Stuart Boardley

Personal information
- Full name: Stuart James Boardley
- Date of birth: 14 February 1985 (age 41)
- Place of birth: Ipswich, England
- Position: Midfielder

Team information
- Current team: Felixstowe & Walton United (manager)

Youth career
- –2004: Ipswich Town

Senior career*
- Years: Team / Apps / (Gls)
- 2004–2005: Torquay United / 14 / (0)
- 2005: Long Melford / 25 / (10)
- 2005–2007: Leiston / 80 / (20)
- 2007–2008: AFC Sudbury / 31 / (7)
- 2008–2017: Leiston
- 2017–2018: Felixstowe & Walton United

Managerial career
- 2018–2019: Leiston
- 2019–: Felixstowe & Walton United

= Stuart Boardley =

English footballer and manager

Stuart James Boardley (born 14 February 1985) is an English former professional footballer. He played professionally for Torquay United and was most recently manager of Felixstowe & Walton United whom he guided to Suffolk Premier Cup success in April 2025.

== Personal life ==
Boardley was born in Ipswich and is the younger brother of the four time Hot Rods (oval racing) World Champion Carl Boardley. Boardley attended Northgate High School in Ipswich and left school with GCSEs and A-Levels to pursue a career in football. He recently married his childhood sweetheart Gemma Smith.

==Playing career==
Boardley, a midfielder, began his career as a trainee with Ipswich Town. His traineeship was extended due to injuries received in a car crash, but he was released in May 2004 without playing in the first team. Leroy Rosenior took him to Torquay United in August 2004 and he signed a contract the following month. He made his Torquay debut on 28 September in the 4–3 win at home to Yeovil Town in the Football League Trophy. and shortly afterwards signed a contract. His league debut came on 2 October, in a 1–1 draw away to Peterborough United. He played many more times in the league for Torquay, and once in the FA Cup (a 2–0 defeat away to non-league Hinckley United), before being released in May 2005 following Torquay's relegation.

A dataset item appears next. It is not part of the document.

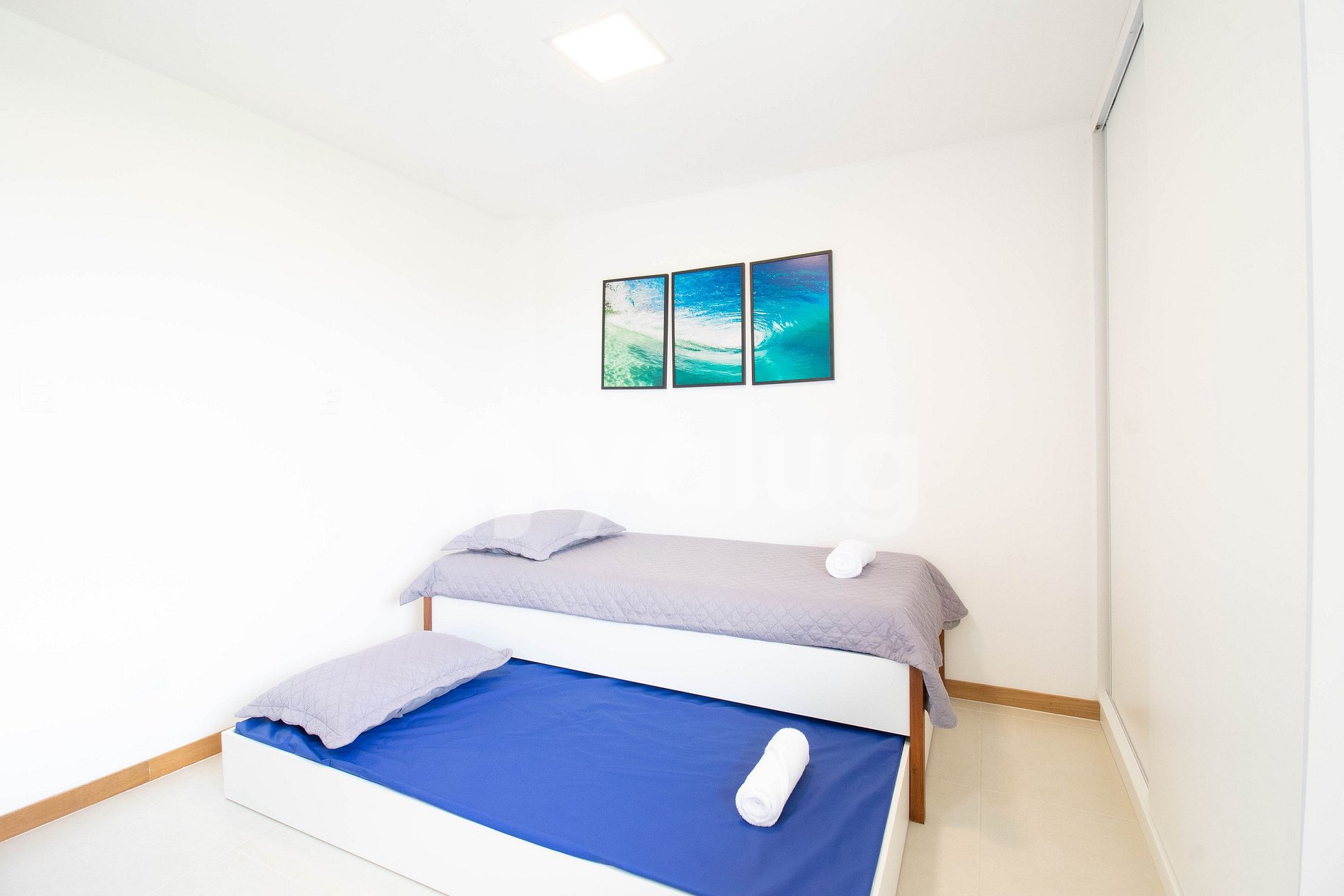 Suíte 4: 2 camas de solteiro, 1 colchão de solteiro, ar condicionado tipo split, cortina blackout e armários.

In the 2005 close-season he joined non-League side Long Melford, but chose to leave in November 2005, moving to Leiston, managed by former Ipswich Town and Tottenham Hotspur player Jason Dozzell, later the same month.

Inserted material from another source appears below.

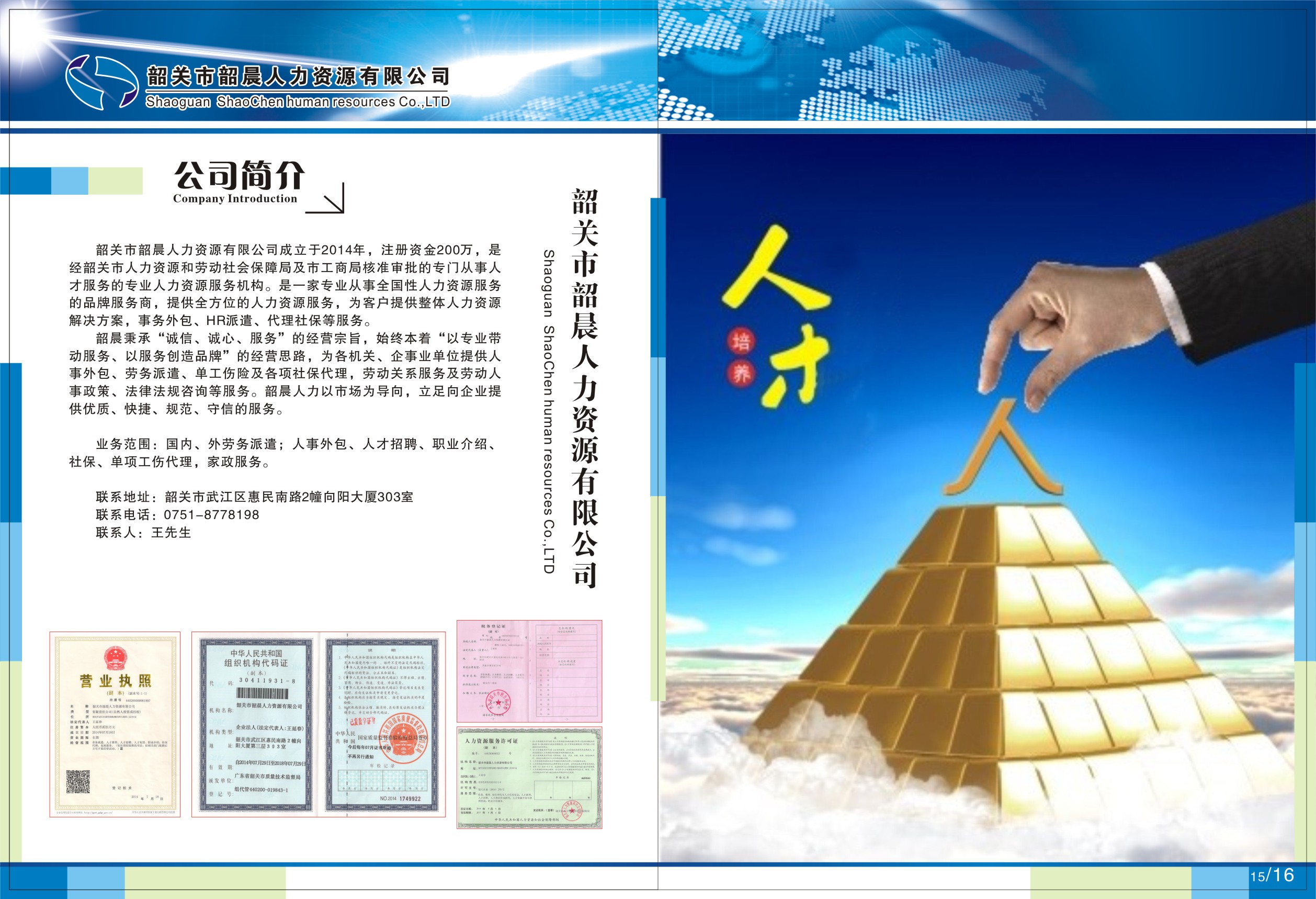 韶關市韶晨人力資源有限公司成立于2014年,注冊資金200萬,是經韶關市人力資源和勞動社會保障局及市工商局核準審批的專門從事人才服務的專業人力資源服務機構。是一家專業從事全國性人力資源服務的品牌服務商,提供全方位的人力資源服務,為客戶提供整體人力資源解決方案,事務外包、HR派遣、代理社保等服務。

In June 2007, a fee was agreed which saw Boardley move to Isthmian League promotion chasers AFC Sudbury. Following the managerial resignation of Mark Morsley he rejoined Leiston for a second spell in June 2008.

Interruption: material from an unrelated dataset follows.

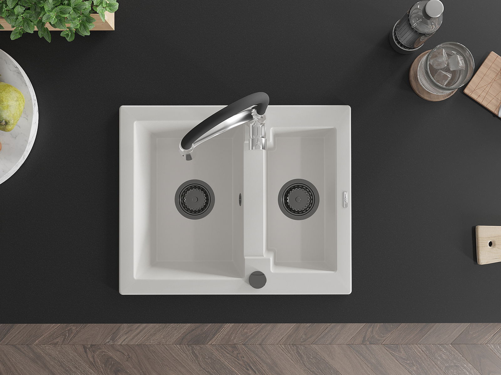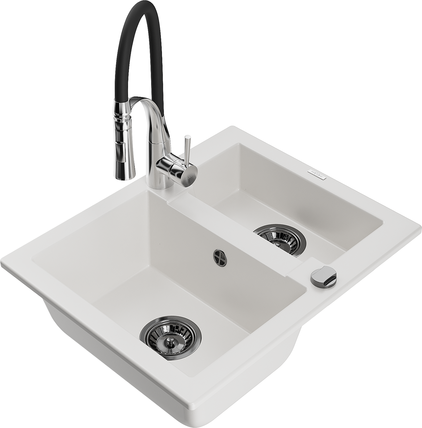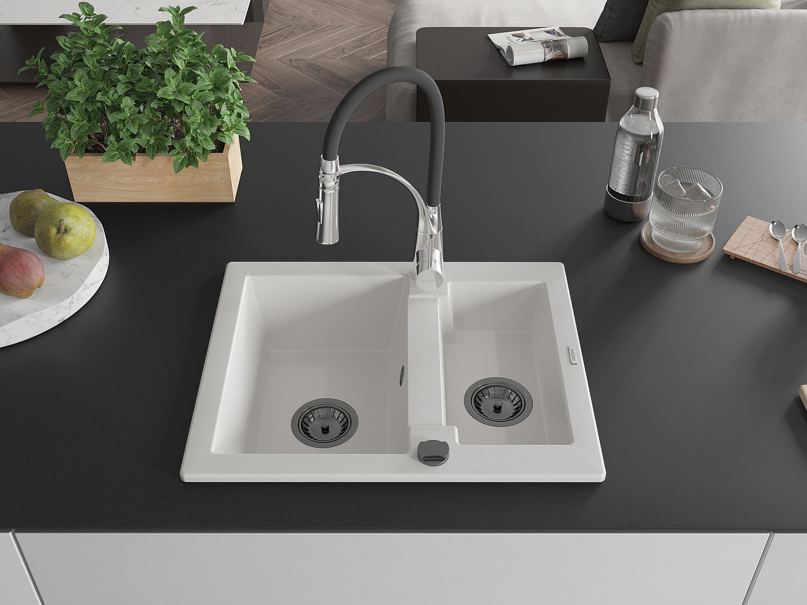 Mexen Carlos évier en granit 1,5 bac avec mitigeur de cuisine Aster, blanc - 6518-20-73450-07-B

In October 2008, Boardley scored twice as Leiston beat Conference National side Lewes in the Fourth Qualifying Round of the FA Cup, ensuring a place in the First Round proper for Leiston for the first time in their history. At that time he was reported to be working as a quantity surveyor in Ipswich for Brooks and Wood Ltd. He joined Felixstowe & Walton United in 2017.

==Managerial career==
In October 2018 Boardley announced his retirement from playing football. Later in the same week he was appointed manager of Leiston, having previously been assistant to Richard Wilkins at the club during his second playing spell at the club.

He left Leiston in September 2019, and was appointed manager of Felixstowe & Walton United in October.